Find your advisor's fast lane for client lead generation

Here’s where and how senior leaders are nurturing agency leads.

Find your advisor's fast lane for client lead generation

“When I started my career, everybody I worked with could knock on a door," said Patrick Scott, a Cincinnati, Ohio, USA-based agency leader with 30 years of financial services experience, recalling his initial efforts to generate leads when he started out. "They could go up and down the street, knock on doors, get appointments that day. And it was lucrative.”

But he found it challenging. "For many reasons, I just wasn’t effective at door knocking,” he said. It was a valuable early lesson: What works for one advisor may not work for another. “By contrast, if I did a seminar, people would come out in droves. I could have standing-room only,” he said. He’s stuck with seminars ever since. 

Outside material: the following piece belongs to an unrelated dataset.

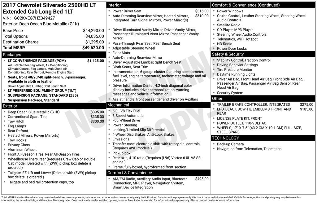 *The advertised price includes all costs to be paid by the consumer for the vehicle, excluding only government fees and taxes, any finance charges, any dealer document processing charge, any electronic filing charge, and any emission testing charge. Any dealer-installed equipment or accessories required for the purchase of the vehicle are included in the advertised price and are itemized on the vehicle or purchase contract. Optional products, accessories, or services—such as LoJack, windshield protection, battery protection, door edge guards, lift kits, running boards, floor liners, Royal Truck Bodies, or similar items—are not required to purchase the vehicle and may be purchased separately at an additional cost. All optional products will be clearly disclosed and itemized prior to sale and may be declined by the customer. Prices, specifications, and availability may change without notice. Not all customers will qualify for advertised incentives. See dealer for complete details. MSRP is shown for information purposes only. MSRP is not the dealer's advertised or asking price. In some instances, vehicles will sell above the MSRP.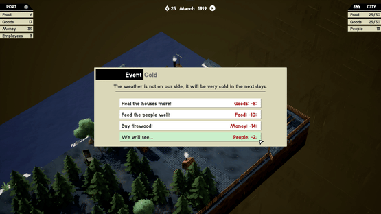 Portobugia is a management/survival game where you manage a port and you must supply a city with goods and food. To do so you must unload boats, but, be careful, some of them could be infected!

Agency websites, word of mouth, social media, digital newsletters and events are the most common marketing approaches for advisors, according to a recent Broadridge report. The report reveals 63% of advisors are actively seeking to add new clients, but only 43% are seeing increases in inbound prospect requests. 

Seminars stay the course 

Roadshows, networking and dedicated lunchtime seminars for companies are core lead generation drivers for Gwen Tan, ChFC/S, BSc (Hons), a Singapore-based financial services leader with more than a decade of experience and six colleagues on her team. “Our senior advisors lead the seminars, and our juniors facilitate. The leads that we generate there, we share with the juniors as well,” she said. 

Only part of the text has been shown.